I’ve always wanted to use that last line. At least since I thought of it a few moments ago.

We’re talking about state governments here, not federal, right? Because many states already disallow making porn movies entirely. If they can completely prohibit an activity, then surely they can also allow it, but only subject to certain conditions.

On the other hand, they could reasonably ban the use of live ammo while filming.

Obscenity law is a complete clusterfuck, and I’d argue pretty much unconstitutional itself. But yes, you are right, most porn isn’t found to be obscene under current law. What I find interesting is that I don’t see how you could do this with current obscenity laws - nothing is obscene when made, as one of the prongs of the obscenity test is the standards of the community concerned, and that happens when it is distributed. As long as the act itself isn’t illegal (animals/kids), you can film anything you want. It is only when you come to market it you can get into trouble. I don’t think it would be possible to argue that sex with condoms isn’t obscene, and sex without condoms is, especially given that the jurisdictions the Feds decide to use to bring obscenity cases and wisely and responsibly spend our money tend to be the most socially conservative ones, and therefore more likely to be anti-contraceptive use.

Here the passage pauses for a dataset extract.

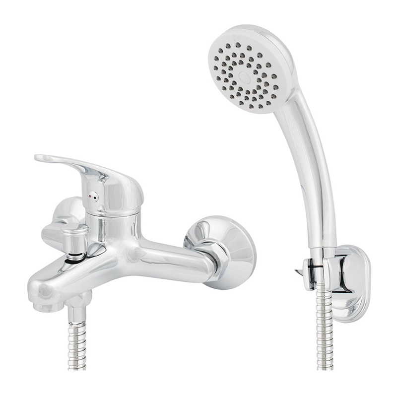 Комплектация: смеситель, металлизированный шланг для душа 1.5 м, душевая лейка (диаметр 70 мм) 1 режим, пластиковый держатель для лейки, комплект крепежа, эксцентрики, декоративные накладки, паспорт изделия.
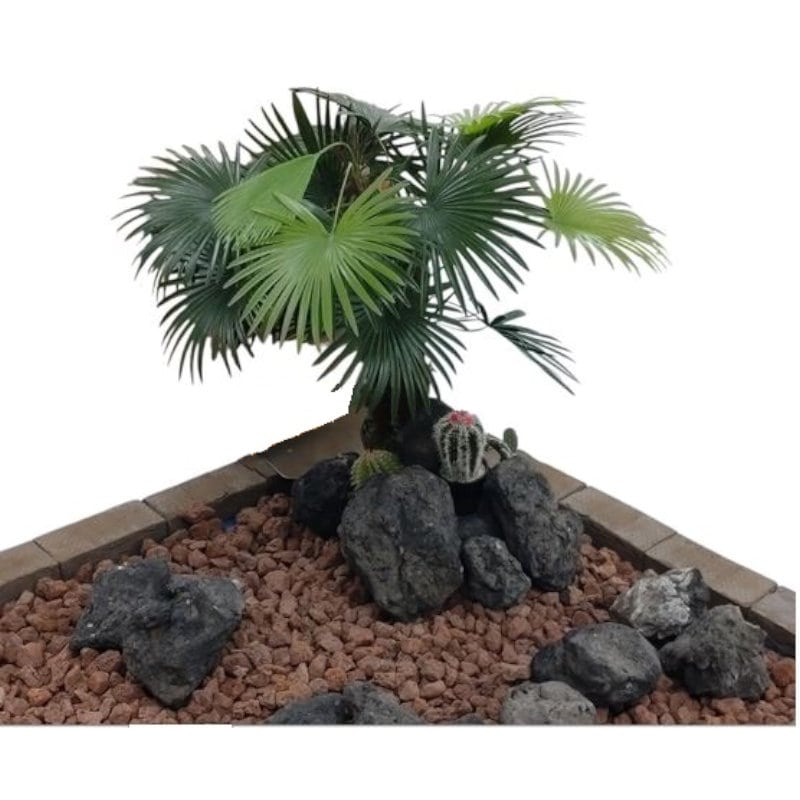 単色の溶岩石と色合いのある草花を合わせるとより草花が目立ちお庭を引き立たせます

I guess you could make an argument that using condoms in porn adds an educational element otherwise absent, which would remove one of the other prongs of the obscenity test (no artistic/scientific/educational merit from memory). But I really don’t see that as flying either.

Unfortunately, it would reduce suck the raison d’être out of “money shots”, and the profitability of porn along with it. Based on my porn viewing experience, any starlet that makes it all the way through the picture without a pearl necklace leaves the viewer hanging, so to speak.

That seems to lay out a pretty strong First Amendment claim.

Could they? It seems to me that they could only ban the use of live ammo while filming in places where nobody is allowed to use live ammo. No equivalent situation exists for having sex without a condom.

I had to get a TB shot and all kinds of immunizations before I started working in the school district.

If the government can regulate safety issues in other industries, I don’t see why not.